ACTION ITEM: Quote word for word the lines starting at the line with "56. CAUTION: Failure" and ending at the final line of the entries. Leave out any pictures.

:: DATA FOR THE TASK

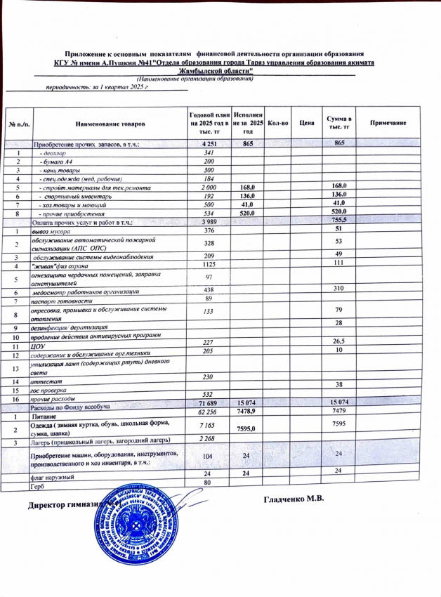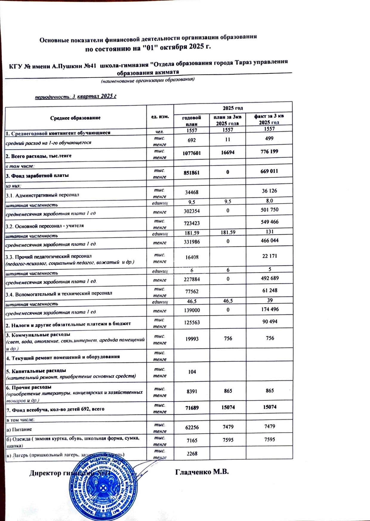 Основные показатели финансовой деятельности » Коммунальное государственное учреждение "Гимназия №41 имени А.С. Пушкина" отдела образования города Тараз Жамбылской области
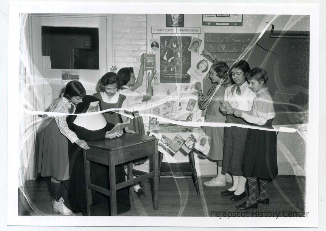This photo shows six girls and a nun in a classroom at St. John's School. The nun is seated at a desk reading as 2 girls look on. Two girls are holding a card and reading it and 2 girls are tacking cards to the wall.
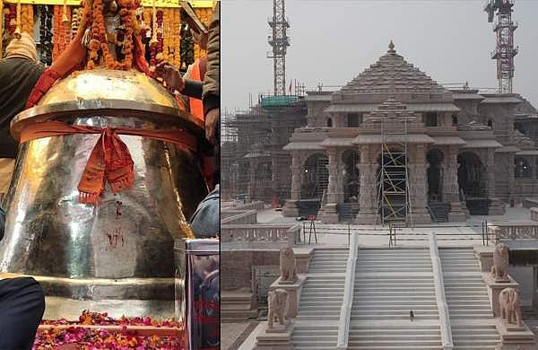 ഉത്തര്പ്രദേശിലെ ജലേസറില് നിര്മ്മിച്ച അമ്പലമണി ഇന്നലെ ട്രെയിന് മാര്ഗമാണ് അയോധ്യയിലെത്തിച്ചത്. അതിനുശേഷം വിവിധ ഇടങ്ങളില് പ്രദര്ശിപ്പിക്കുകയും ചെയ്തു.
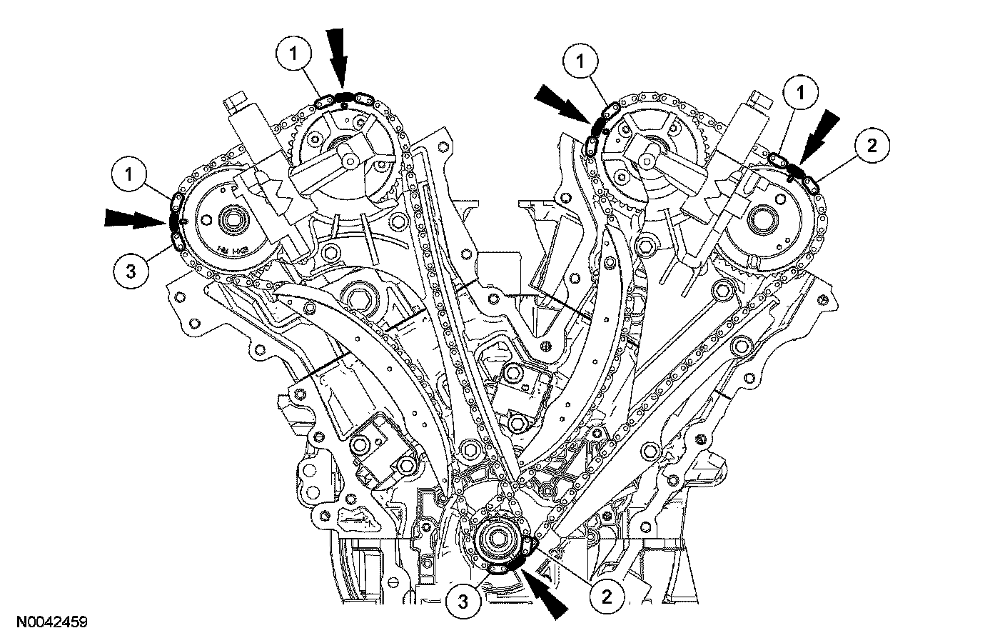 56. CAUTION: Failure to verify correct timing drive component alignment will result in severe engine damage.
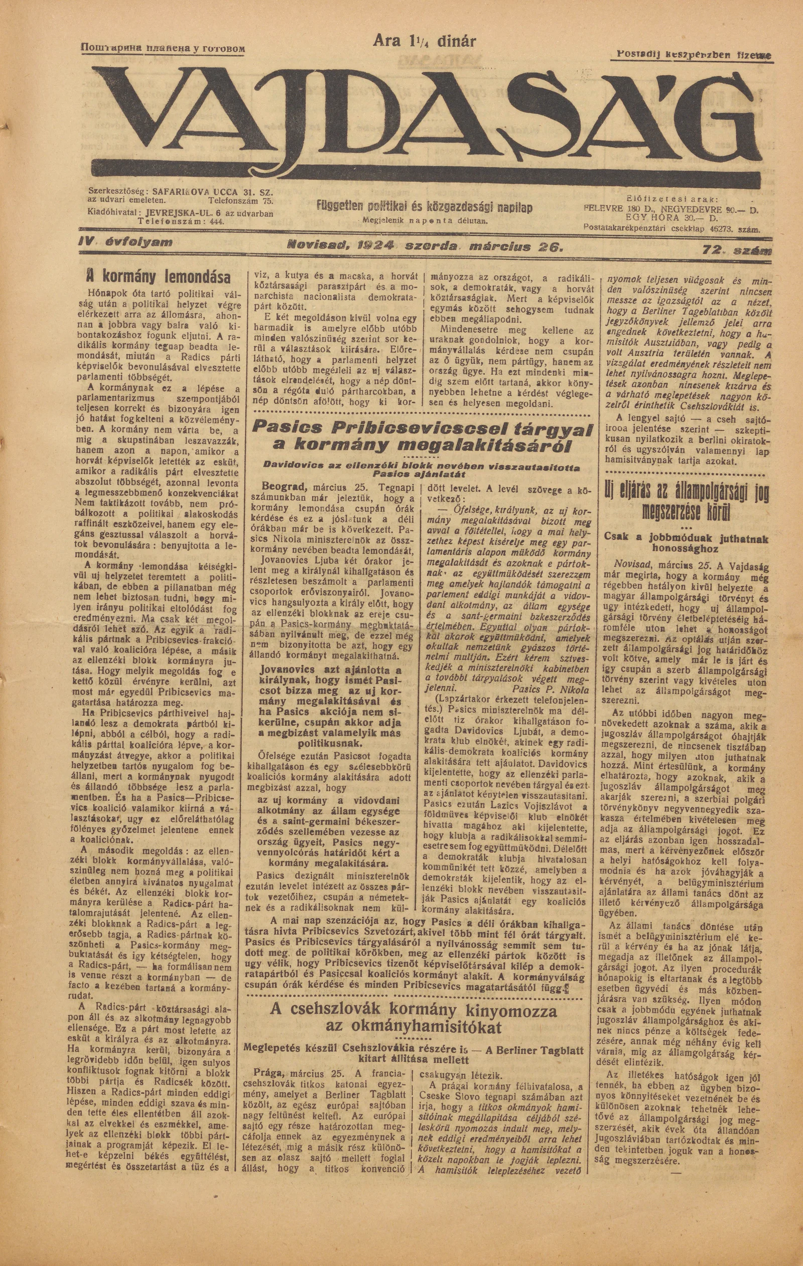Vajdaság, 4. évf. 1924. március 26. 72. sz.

::::

FINISHED EXERCISE:
 56. CAUTION: Failure to verify correct timing drive component alignment will result in severe engine damage.
Vajdaság, 4. évf. 1924. március 26. 72. sz.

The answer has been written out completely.